If you follow them to a T, it says nothing about fragrance and color.  I find it particularly disturbing that they can publish one thing and act upon something else.


----------



## Deda (Feb 16, 2012)

The owner of IndigoWild is a member here, she doesn't post, but she can still see what's written.

I believe that the way she labels her soap is within the guidelines for the CPSC.  They are the ones who regulate soap, not the FDA.  Now if you make claims about your soap then you're stepping over lines and it becomes a cosmetic.  Simply adding a fragrance doesn't affect this status.
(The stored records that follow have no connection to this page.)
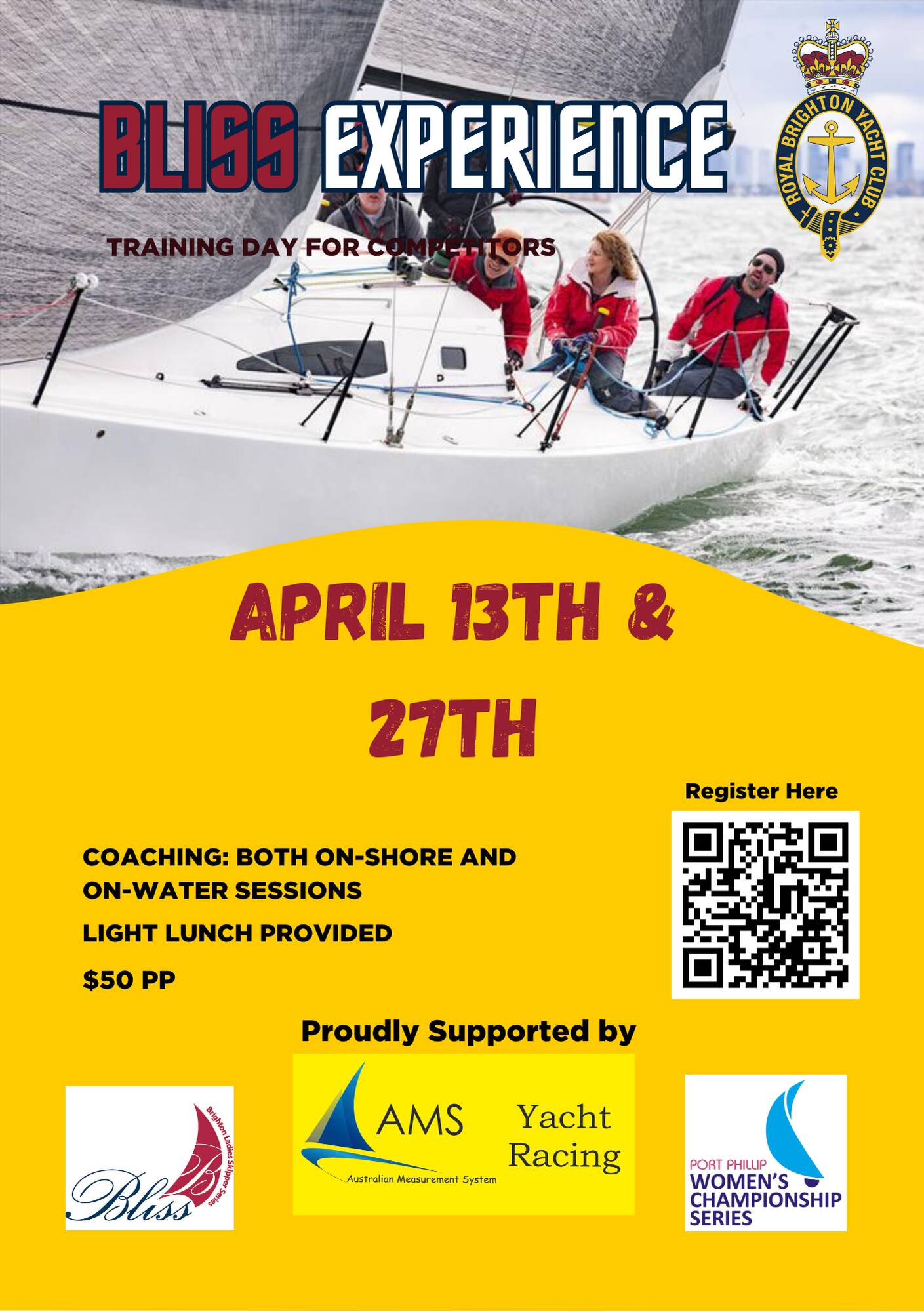 On the 4th May 2025 RBYC will be holding its annual BLiSS Regatta and is part of the PPWSC series as well as a standalone regatta. RBYC is also offering pre regatta training called the BLiSS Experience. This provides the opportunity for female sailors to receive pre race coaching both on and off the water. Participants will receive an on water session , lunch and off water session in the class room Due to the generous support of Yacht Racing Services Association (YRSA) we are able to offer this experience at the subsided rate of $50pp. Places are limited and bookings can only be made for one day here
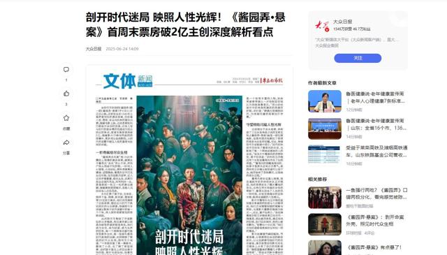 6月21日,筹备三年的《酱园弄·悬案》正式公映。
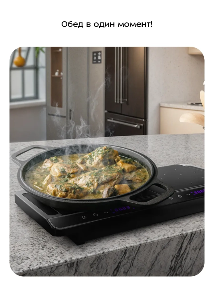 Эта индукционная плита — отличный выбор для тех, кто ценит безопасность, эффективность и современный дизайн. Она станет незаменимым помощником на вашей кухне, обеспечивая чистоту и удобство в приготовлении пищи. Подходит для использования как дома, так и в других помещениях, где требуется надежная и компактная кухонная техника.
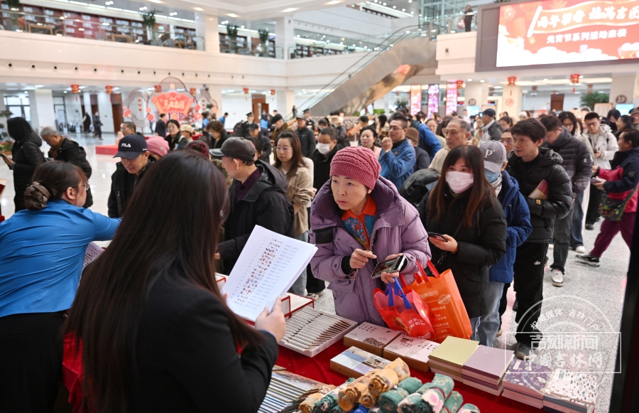 3月3日,正值元宵佳节,吉林省图书馆内“马岁春宵 谜藏福运”元宵节猜灯谜活动火热开启,千余盏印着灯谜的红色灯笼高高悬挂,现场人头攒动,市民们或驻足凝思,或互相探讨,或用手机记录谜面细细琢磨。有人踮起脚尖抬手轻触灯笼,专注破解谜题;有人围在服务台前核对答案,兑换心仪的文创奖品,欢声笑语不断。
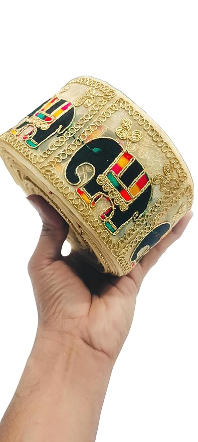 - Versatile Use in Fashion & Home Décor** – More than just a saree lace, this embroidered trim is perfect for *arts and crafts, school projects, wedding decorations, gift wrapping, stage decoration, and interior décor*. Its unique combination of **traditional elephant embroidery with Gota Patti** makes it a must-have for creative projects.
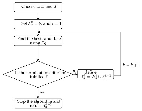 - At each iteration , run a search procedure to select the candidate which leads to the highest amount of new information about target variable and the best prediction of given the random vector . It can be formalized by:where denotes the set of selected candidates up till iteration and refers to all elements of except the elements of . Similar to the existing NUE algorithms, mutual information and CMI are estimated using the KSG approach [13,14,32] (cf. Appendix A.1).
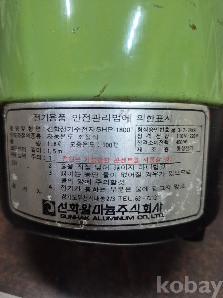 1980년대 선화 알루미늄 전기 주전자 SHP-1800 본체만 있어요 메이드 인 코리아 21*12*26
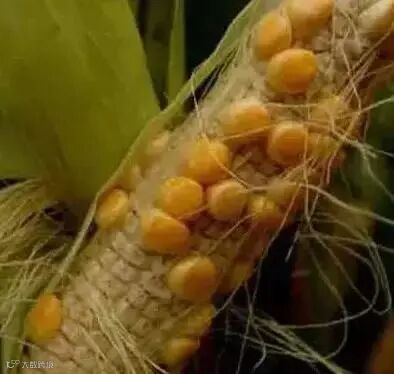 生育后期养分、水份不足,顶部花丝吐出晚、雌花退化、柱头变态、花丝叠压,也会形成缺粒。
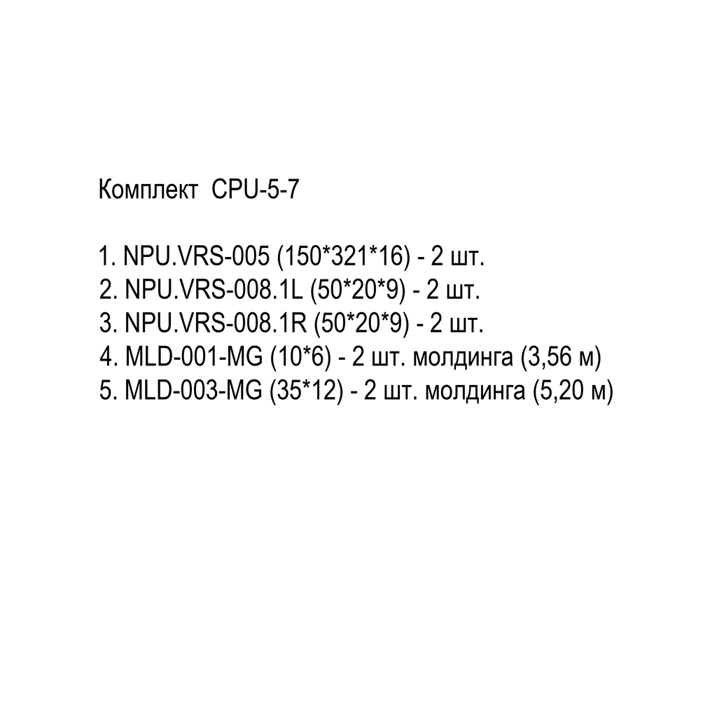 The CPU-5-7 kit creates a vertical wall panel with overall dimensions of 300 × 2300 mm and a maximum relief depth of 16 mm — the central decor NPU.VRS-005. Full component composition: primed MDF molding MLD-003-MG, profile 35 × 12 mm, length 2600 mm — one unit; primed MDF molding MLD-001-MG, profile 10 × 6 mm, length 2600 mm — one unit; polyurethane molded decor NPU.VRS-005, size 150 × 321 × 16 mm — one piece (for central single application) or several units for a vertical row; polyurethane molding NPU.VRS-008.1L, size 50 × 20 × 9 mm — one piece; polyurethane molding NPU.VRS-008.1R, size 50 × 20 × 9 mm — one piece. Overall panel width — 300 mm. Height — 2300 mm. Maximum relief depth — 16 mm (NPU.VRS-005). All components are supplied with factory white acrylic primer, ready for application of final paint coatings without additional surface treatment. Compatible with all types of water-based, acrylic, and alkyd paints, as well as specialized decorative compositions for patination and aging.

Also, dangerous or not, it's REQUIRED that you list your address if your business is not listed in the local phonebook. If you're worried about someone knowing your address then get a PO Box.


----------



## SoapyStacy (Feb 16, 2012)

I'd like to know if it is allowed to label a product "dish soap" or "hand soap", or is that going too far?


----------



## PippiL (Feb 16, 2012)

you really have to list your address, if you sell regular non cosmetic claiming soap?


----------



## debbism (Feb 16, 2012)

I would suggest just getting a PO box under your business name - or any mailbox/postal type store.  Then you can list that without security issues.


----------



## PippiL (Feb 16, 2012)

I will do that,I have to deal with the post office anyways.They have my parcel stuck at JFK airport since December and the post office people have no clue what to do ?????


----------



## debbism (Feb 16, 2012)

PippiL said:
			
		

> .....and the post office people have no clue what to do ?????


+
Oh boy....don't get me started!


----------



## dirrdee (Feb 16, 2012)

you can rent a PO box at some UPS stores and then they give you their actual street address to use....this will make you more credible as some people will not consider you so with a PO box.  Personally I am relunctant to do business with people who only have a PO box...its a matter of trust.


----------



## Deda (Feb 16, 2012)

My home address is a matter of public record, it's on my business license, my home occupation permit, my business name registration and it's listed with the state corporation commission.


----------



## bombus (Feb 16, 2012)

Yes- it must be the home address. The address is supposed to be where you as a manufacturer can be found. You are legally responsible for the safety of your product, and if there was
a problem, the world needs to know where to deliver the legal papers.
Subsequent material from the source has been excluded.